( a close up of a piece of the magnificent cottonwood canopy that arced its way overhead and met the ground – photo 2018)
Something’s wrong.
I stopped dead
in my tracks as I
passed through the gate
startling the pre-dawn sky.
I was on my way to the river.
It was dark.
Gazing up at my beloved
Cottonwood Cathedral
I couldn’t see,
But why couldn’t I feel her Presence?
A fearful hole
ripped through my heart
as dread seeped in.
Some alien force
had smashed the Peace.
When I reached the river
La Llorona was sobbing
her veil of mist
smudging the trees with a shroud.
Retracing the path at dawn
the terrifying sight of
severed limbs –
the loss of
supple arches
that swept the ground
with their bountiful grace,
limbs bowed low in surrender…
shattered the wonder of this holy place –
twisted knives in my gut.
To lose a holy place
is to be annihilated.
Both the trees and I
have lost our limbs
like the handmaid once did
to mindless slaughter
by those that neither
see or feel.
Never again will
we rejoice in the
reciprocal
joy that the holy
bestows on
those that are
capable of Love.
For three years I have walked through the Cathedral of Cottonwoods, sometimes two or three times a day just for the simple pleasure of feeling the peace that these Matriarchs of the Bosque bestow upon anyone who can feel their benign yet powerful presence. In just one place beyond the gate the holy lived… and day after day year after year I would stop just to feel the peace – amazing grace. This spot was my sanctuary, the one place on this property that somehow felt like it belonged to me as I did to her.
Today my sanctuary has been destroyed forever. This tree destruction occurred either in my absence or sometime during this past week when my dog has been so ill that I have barely stepped out the door except to make a harrowing trip to the vet.
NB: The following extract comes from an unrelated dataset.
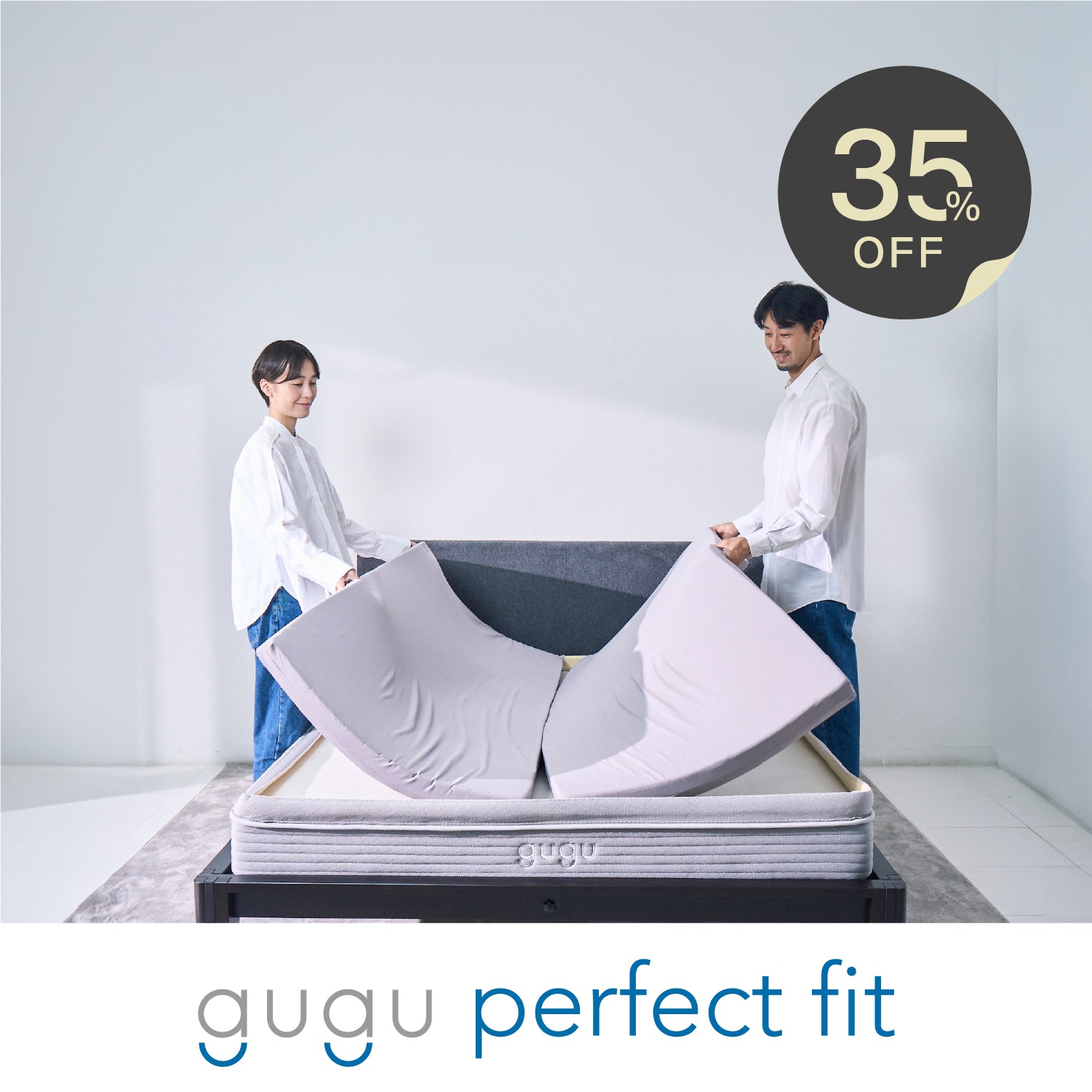 自分に合う硬さを、自分で選ぶ。 gugu パーフェクトフィットは、好みに合わせて硬さを選べるマットレス。一人ひとりの眠りに最適なサポートと快適さを提供します。調整可能なフィット感で、guguが届ける最新の答えです。

My body is still struggling to process the magnitude of this loss. Intentional or not it feels malevolent. Each time I walk through this area someone in me screams out “NO NO, not here.” My most beloved place. Gone, the severed limbs will bare ugly scars until the tree itself returns to the earth in death…
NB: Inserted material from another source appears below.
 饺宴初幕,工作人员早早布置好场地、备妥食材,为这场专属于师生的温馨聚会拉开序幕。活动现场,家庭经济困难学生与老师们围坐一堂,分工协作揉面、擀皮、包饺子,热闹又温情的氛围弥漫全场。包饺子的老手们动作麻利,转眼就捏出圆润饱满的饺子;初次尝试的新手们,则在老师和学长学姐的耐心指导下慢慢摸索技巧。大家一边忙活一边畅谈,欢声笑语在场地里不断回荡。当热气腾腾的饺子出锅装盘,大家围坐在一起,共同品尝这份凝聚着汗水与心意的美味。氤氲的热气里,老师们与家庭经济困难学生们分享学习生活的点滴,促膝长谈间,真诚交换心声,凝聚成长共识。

The worst part of this story is that the severing of the arms of the tree accomplished virtually nothing. These beautiful arches were beyond a fence… and part of a path to the river. There was absolutely no reason to senselessly destroy them especially since dead branches still hang over the same area.
The severed limbs also remind me of a fairy tale…In the “The Handmaid’s Tale” a father betrays a glorious apple tree that is also his daughter for money. This bargain with the devil intensifies as the dark one insists the father chop off the girl’s hands. At this point after a second unconscionable betrayal the child leaves home with her severed hands and throws herself on the mercy of nature, who eventually restores the young woman’s hands…
My beloved cottonwoods will not have their limbs restored but perhaps there’s a message in this story for me.